ENTRIES SUPPLIED =>
_ _ _ _ _ _ _

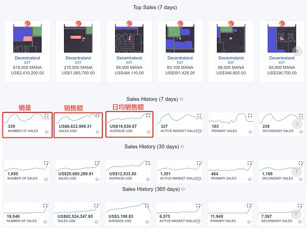 截圖自NonFungible網站,關于Decentraland的交易情況
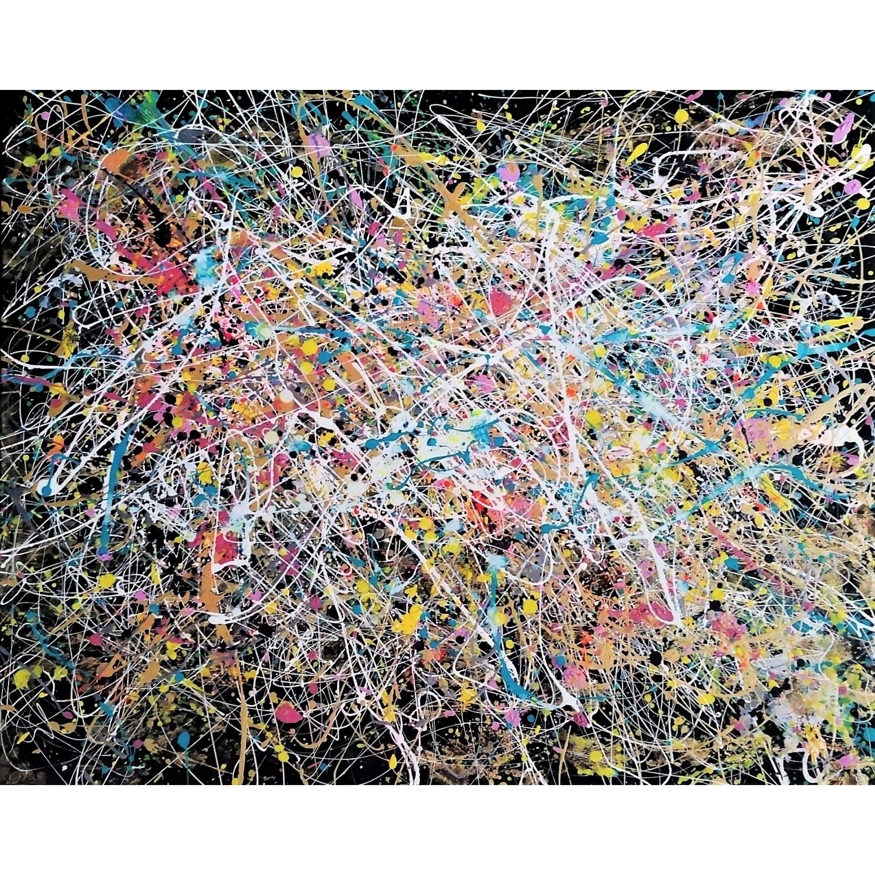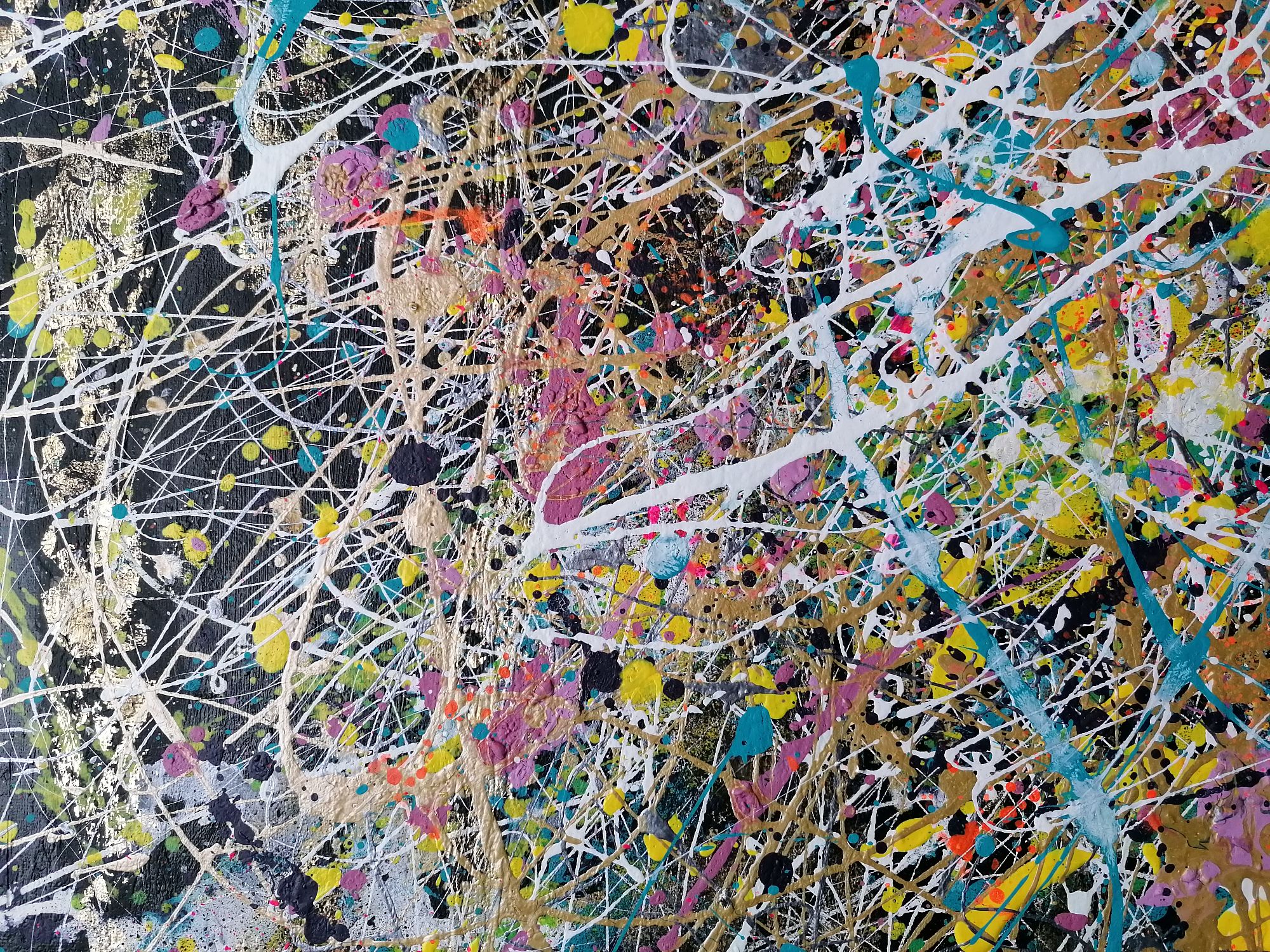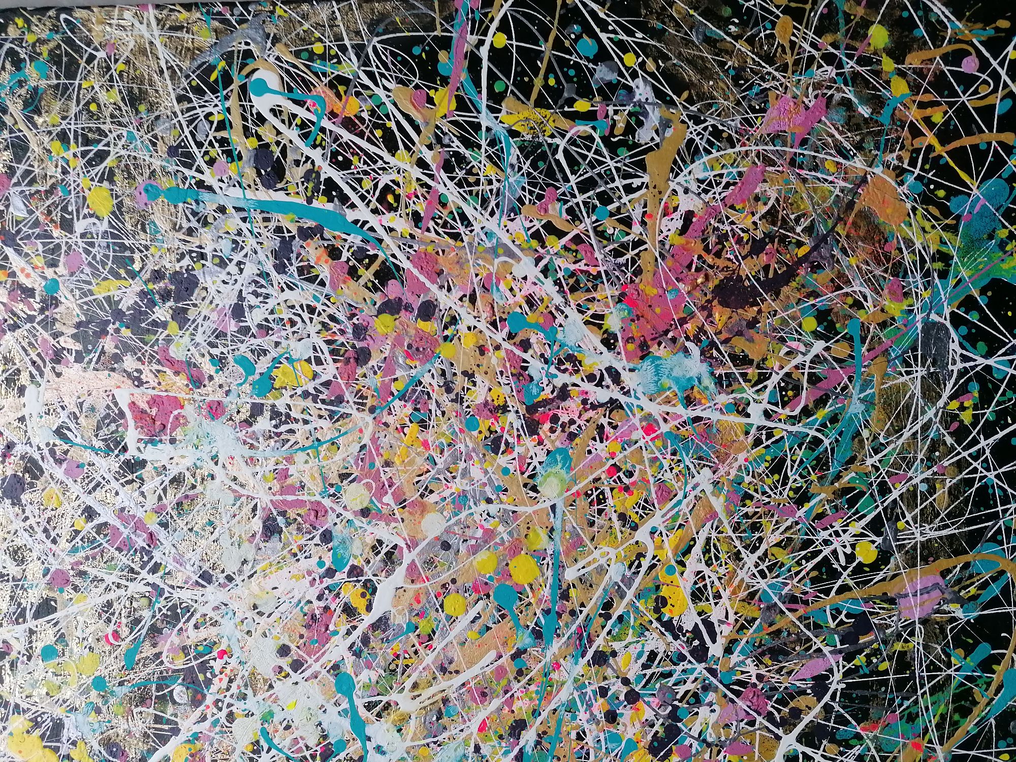 Technique du dripping en multicolore sur fond noir incluant des zones de feuille dorée, avec une finition vernis. C'est une véritable explosion de couleurs à la fois tendres et acidulées, incluant aussi des tons or et argent, très gaie et dynamique. Peinture acrylique sur toile avec chassis de 80x100cm . Encadrement cadre américain noir, taille totale: 86x105.7 cm
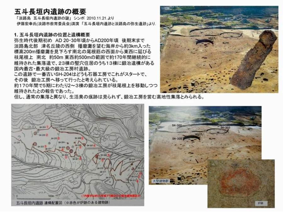 弥生時代の後期 淡路島の北部津名丘陵で出土した日本最古最大級の鍛冶工房村五斗長垣内遺跡。
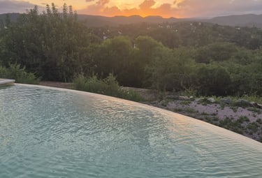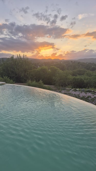 Relájate en nuestra piscina con vista al infinito, un lugar perfecto para desconectar.
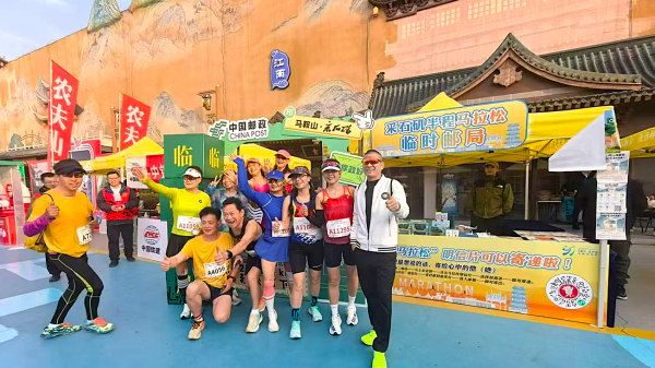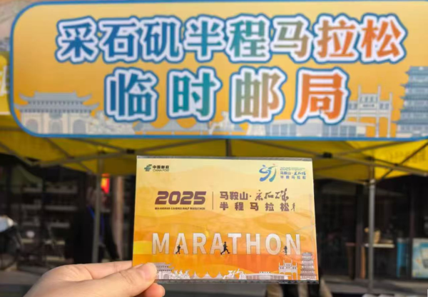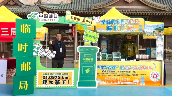 在采石矶景区广场,马鞍山市邮政公司精心打造的“‘邮’你跑向诗和远方”主题邮局成为赛事现场的焦点。绿色的邮筒矗立在古色古香的展架旁,展台上整齐摆放着融合采石矶元素的文创产品,每一件都承载着马鞍山的历史文脉与诗意情怀。
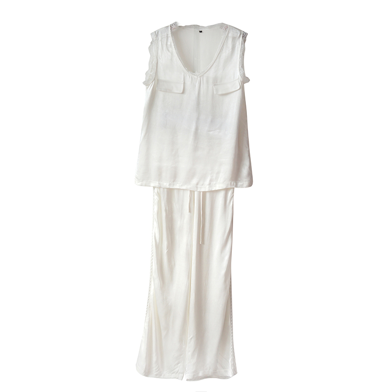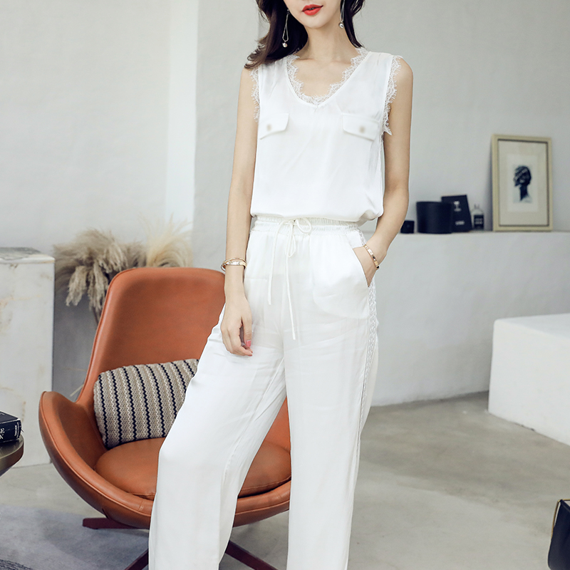 / S秀時尚氣質套裝2018夏季新款女裝V領無袖休閑上衣闊腿褲兩件套
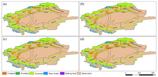 Land uses in the Tarim River Basin from 1990 to 2019: (a) 1990; (b) 2000; (c) 2010; and (d) 2019.
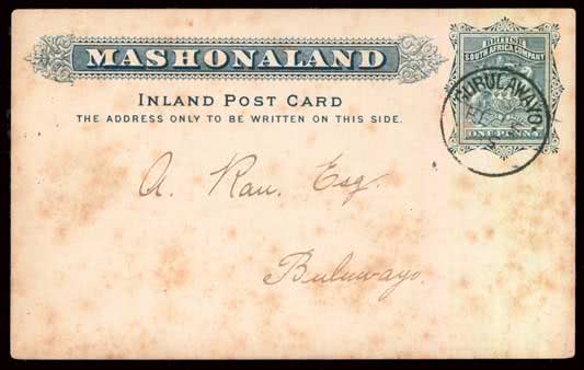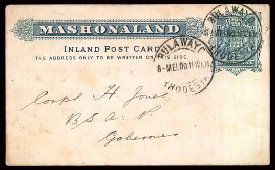 1115 | Sale number: 17 Rhodesia: Early Covers: 1900 (May 8) Mashonaland 1d. Inland stationery card with printed Bulawayo Chronicle subscription reminder, addressed to a Corporal in the B.S.A. Co. Police in Gaborones, cancelled Bulawayo ''8-MEI.00'' (''Taal'' slug). Ex. G. Simpson. Photo. Price Realised UNSOLD |

_ _ _ _ _ _ _

ASSIGNMENT => Exactly as written, reproduce the lines from the beginning of the material through the line with "弥生時代の後期 淡路島の北部", and skip any picture.

SOLVED EXERCISE =>
 截圖自NonFungible網站,關于Decentraland的交易情況
 Technique du dripping en multicolore sur fond noir incluant des zones de feuille dorée, avec une finition vernis. C'est une véritable explosion de couleurs à la fois tendres et acidulées, incluant aussi des tons or et argent, très gaie et dynamique. Peinture acrylique sur toile avec chassis de 80x100cm . Encadrement cadre américain noir, taille totale: 86x105.7 cm
 弥生時代の後期 淡路島の北部津名丘陵で出土した日本最古最大級の鍛冶工房村五斗長垣内遺跡。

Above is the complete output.